TASK BRIEF: The answer is to be the lines below that lie between the line holding "エレコム スイッチングハブ ギガビット" and the line holding "民族 ヒッピー 766", inclusive, transcribed exactly and free of pictures.

INFORMATION:
»»

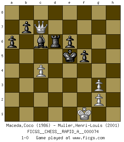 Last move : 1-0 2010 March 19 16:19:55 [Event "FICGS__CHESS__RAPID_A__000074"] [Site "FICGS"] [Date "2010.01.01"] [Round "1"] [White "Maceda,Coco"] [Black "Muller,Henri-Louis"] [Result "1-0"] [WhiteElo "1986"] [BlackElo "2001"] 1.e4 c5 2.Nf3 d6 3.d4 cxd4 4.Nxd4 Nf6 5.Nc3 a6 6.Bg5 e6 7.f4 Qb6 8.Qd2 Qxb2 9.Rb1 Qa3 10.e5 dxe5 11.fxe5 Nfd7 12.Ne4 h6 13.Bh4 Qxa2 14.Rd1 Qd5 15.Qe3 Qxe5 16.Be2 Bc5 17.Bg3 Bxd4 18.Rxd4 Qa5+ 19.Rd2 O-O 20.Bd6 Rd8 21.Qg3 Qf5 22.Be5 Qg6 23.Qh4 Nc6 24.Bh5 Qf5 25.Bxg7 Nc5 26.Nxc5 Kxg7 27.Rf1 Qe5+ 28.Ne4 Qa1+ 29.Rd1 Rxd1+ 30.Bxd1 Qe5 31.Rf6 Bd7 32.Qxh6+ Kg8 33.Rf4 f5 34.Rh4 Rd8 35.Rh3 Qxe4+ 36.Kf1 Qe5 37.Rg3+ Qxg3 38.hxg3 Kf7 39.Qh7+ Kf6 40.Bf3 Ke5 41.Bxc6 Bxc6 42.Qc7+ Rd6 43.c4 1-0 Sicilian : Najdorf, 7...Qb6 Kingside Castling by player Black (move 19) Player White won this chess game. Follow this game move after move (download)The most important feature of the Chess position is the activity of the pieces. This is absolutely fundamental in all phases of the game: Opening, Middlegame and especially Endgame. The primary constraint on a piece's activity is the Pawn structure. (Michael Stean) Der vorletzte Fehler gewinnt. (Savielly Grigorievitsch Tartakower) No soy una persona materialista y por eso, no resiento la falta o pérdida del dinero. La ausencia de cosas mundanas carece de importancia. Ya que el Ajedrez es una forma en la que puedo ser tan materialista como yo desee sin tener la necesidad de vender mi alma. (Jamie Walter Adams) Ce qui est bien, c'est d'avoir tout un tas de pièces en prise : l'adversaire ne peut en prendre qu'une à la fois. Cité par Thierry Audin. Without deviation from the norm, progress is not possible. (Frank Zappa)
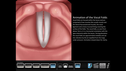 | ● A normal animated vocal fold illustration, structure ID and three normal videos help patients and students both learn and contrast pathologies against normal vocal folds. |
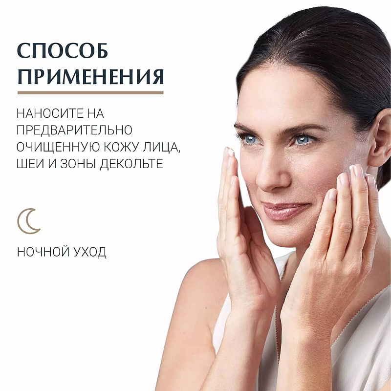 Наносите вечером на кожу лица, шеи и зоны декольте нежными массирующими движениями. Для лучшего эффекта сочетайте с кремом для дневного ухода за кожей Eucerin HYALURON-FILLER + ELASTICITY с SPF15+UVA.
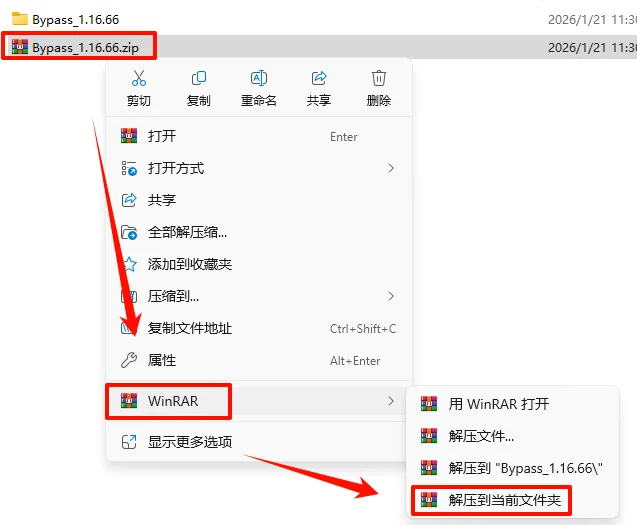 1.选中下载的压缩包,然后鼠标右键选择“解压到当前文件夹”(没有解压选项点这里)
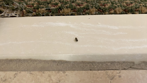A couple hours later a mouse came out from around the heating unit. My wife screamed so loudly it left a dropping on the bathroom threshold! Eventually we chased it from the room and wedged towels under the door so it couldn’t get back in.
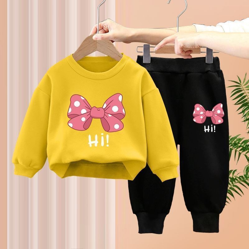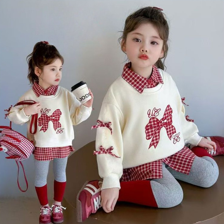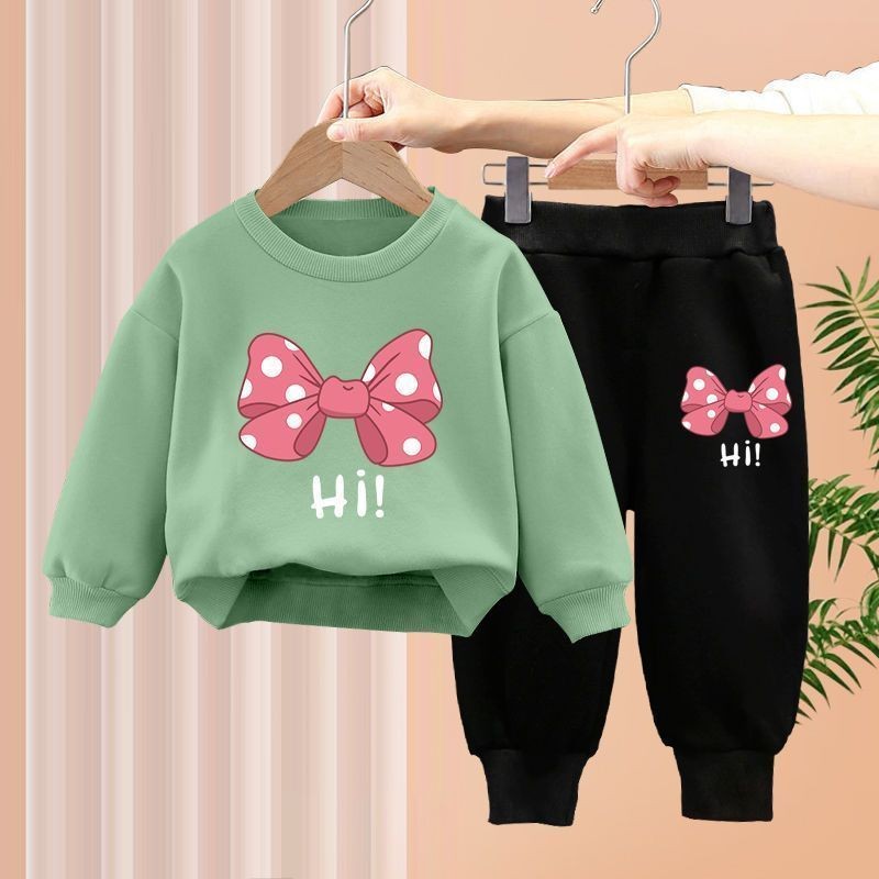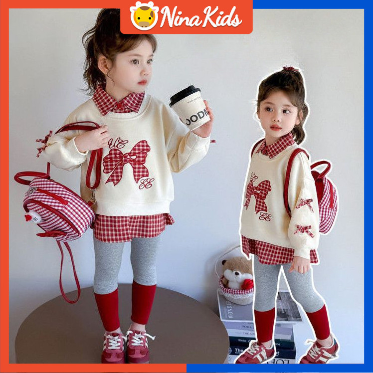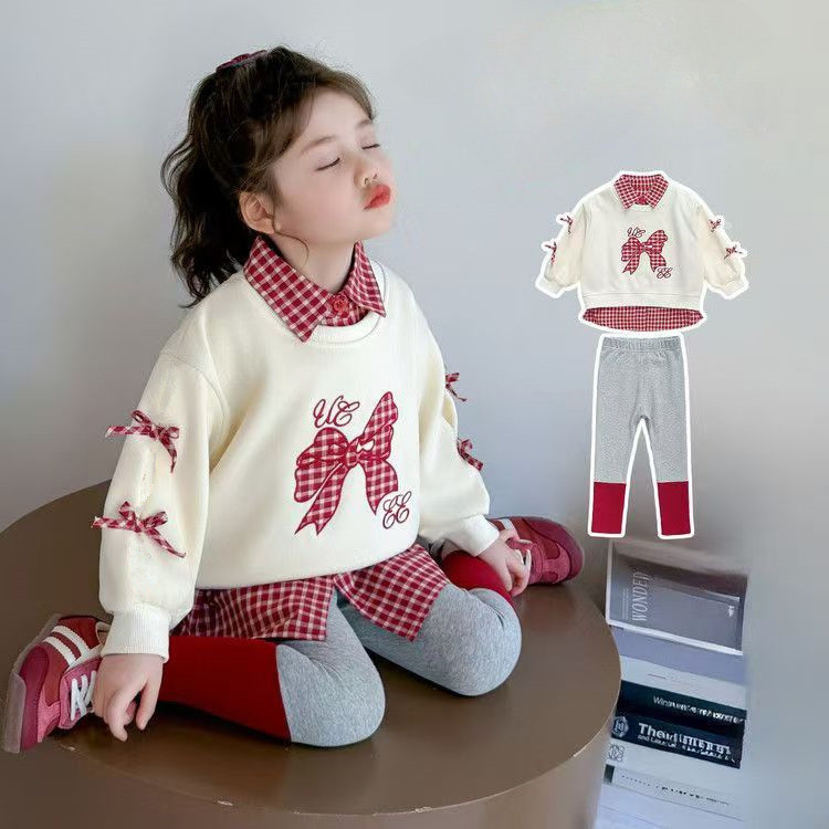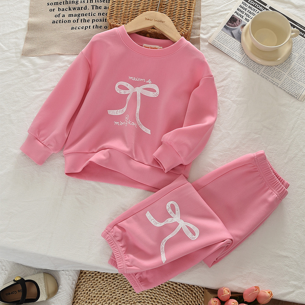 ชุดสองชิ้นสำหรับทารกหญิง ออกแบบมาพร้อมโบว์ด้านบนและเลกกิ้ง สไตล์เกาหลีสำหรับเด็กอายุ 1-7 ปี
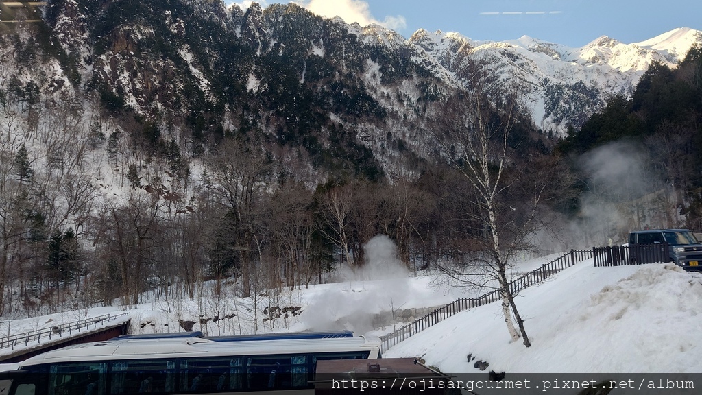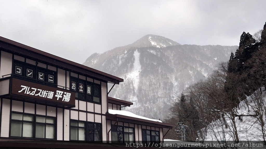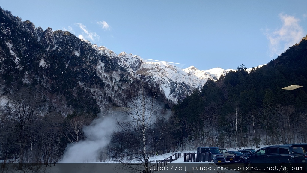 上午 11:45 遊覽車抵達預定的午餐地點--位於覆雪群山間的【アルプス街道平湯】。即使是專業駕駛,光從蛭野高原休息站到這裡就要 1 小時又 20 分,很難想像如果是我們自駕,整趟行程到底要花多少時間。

««
»»

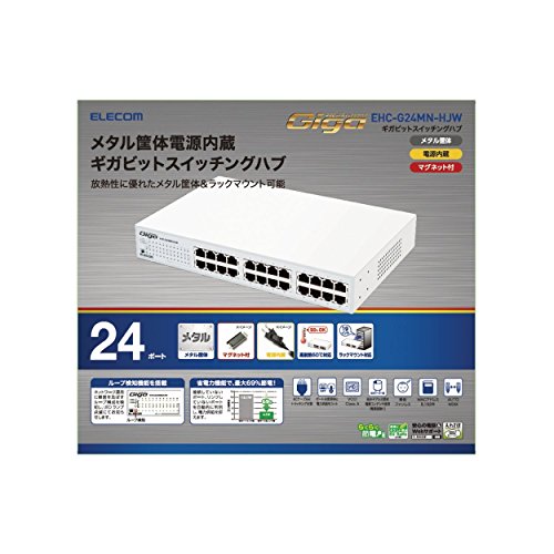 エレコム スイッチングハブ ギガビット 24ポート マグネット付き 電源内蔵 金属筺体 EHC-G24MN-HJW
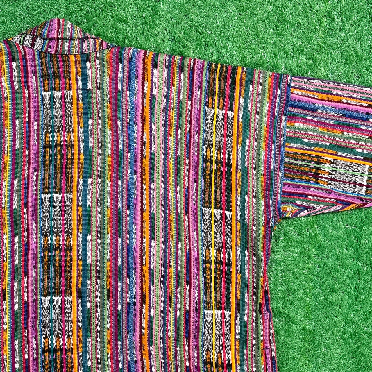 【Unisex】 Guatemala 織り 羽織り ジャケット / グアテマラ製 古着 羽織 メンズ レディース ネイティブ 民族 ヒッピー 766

««

YOUR RESPONSE:
 エレコム スイッチングハブ ギガビット 24ポート マグネット付き 電源内蔵 金属筺体 EHC-G24MN-HJW
 【Unisex】 Guatemala 織り 羽織り ジャケット / グアテマラ製 古着 羽織 メンズ レディース ネイティブ 民族 ヒッピー 766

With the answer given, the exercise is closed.